Thank You for Smoking (2005)

Satire on PR, lobbying, and spin. Learn how narrative is constructed, how rhetoric is used to turn the argument in your favor, and where legitimate persuasion ends and manipulation begins.

Joy (2015)

An inventor's path to success through patents, manufacturing, and sales television. It shows the unseen side of entrepreneurship: bureaucracy, plagiarism, legal battles, and daily perseverance.

Jerry Maguire (1996)

Relationship management, brand personality building, and one-on-one negotiation. This film emphasizes the power of integrity and authentic customer relationships when you've lost your great support structure.

12 Angry Men (1957)

Not a classic business, but a manual of negotiation and group persuasion.
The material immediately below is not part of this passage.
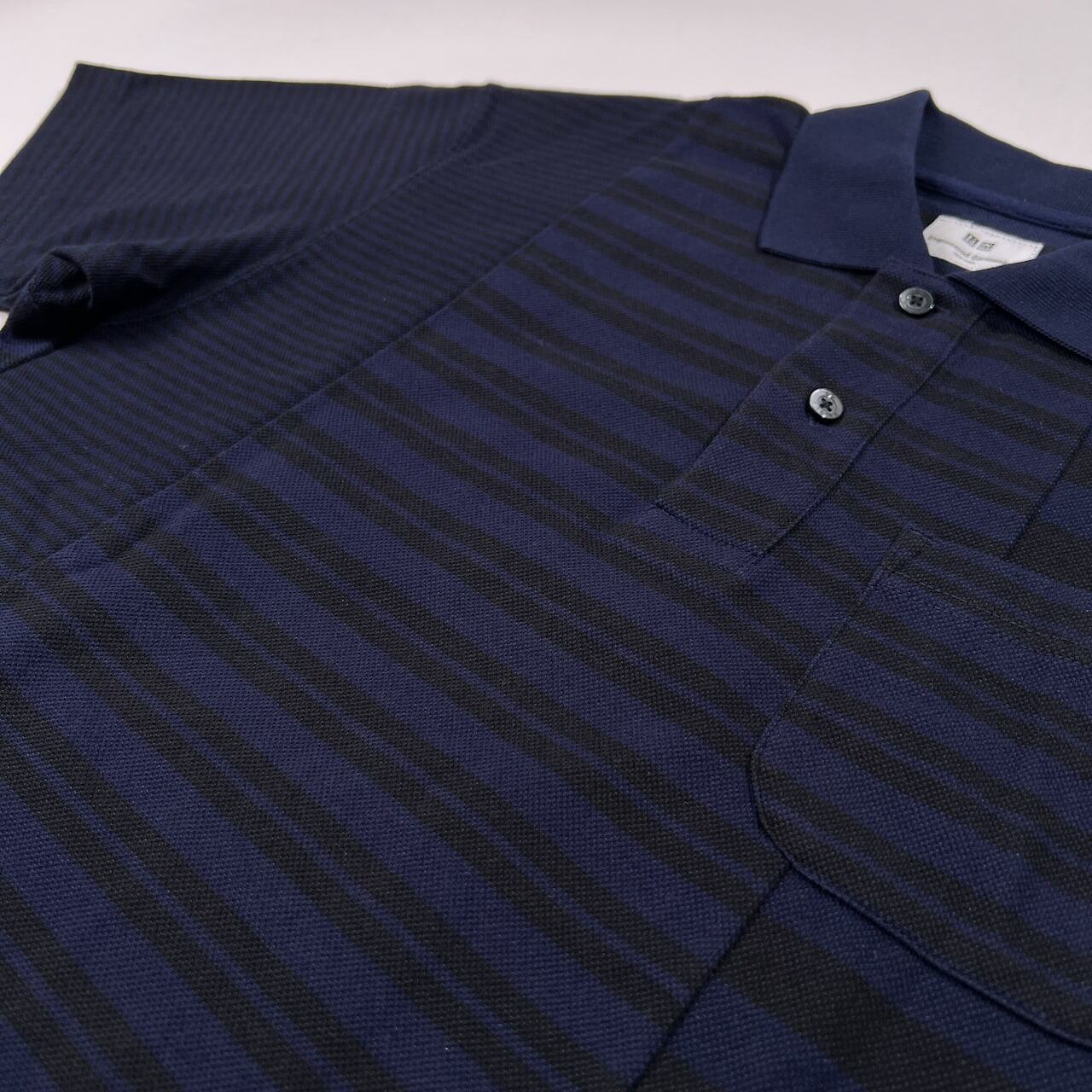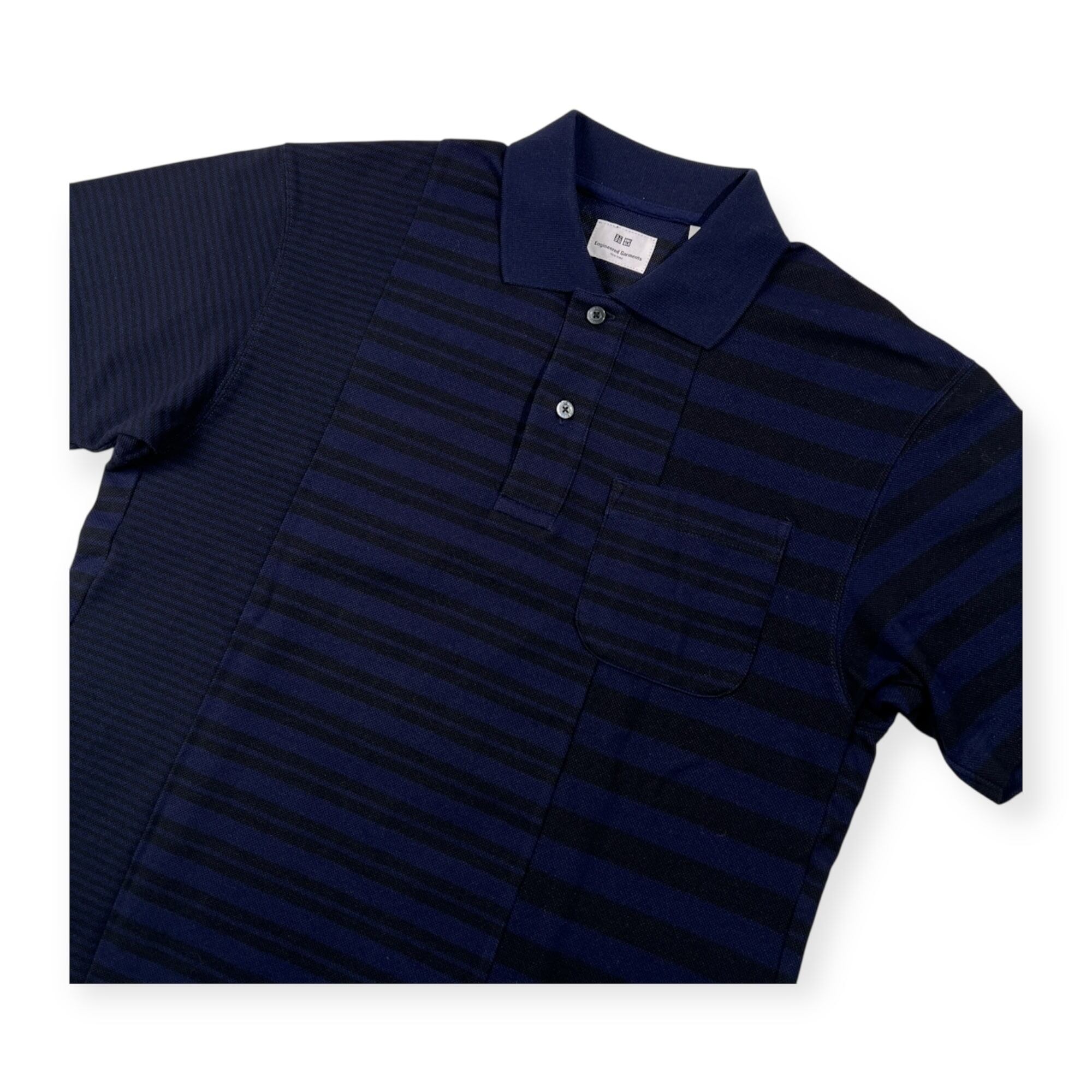 美品 UNIQLO × Engineered Garments ユニクロ エンジニアードガーメンツ 切替 ボーダー 半袖 ポロシャツ サイズ S /ネイビー×ブラック

A single jury member changes everyone's mind with precise questions, cold logic and empathy. This is the model of the "rational negotiator".

How to use these films professionally

Look with notes in hand: what decision was made, under what conditions, and with what consequences?

Discuss in the team: which principles apply to your company?

Compare success scenarios with failures: where did the game break down and why?

Focus on ethics: many of these films warn about the price of moral compromise.

Business films are mirrors where we see ambitions, mistakes, and great victories in a compressed time. By analyzing their narrative, we grow the strategic and emotional “muscle” we need in the real world of entrepreneurship and negotiation. Watch, reflect, apply.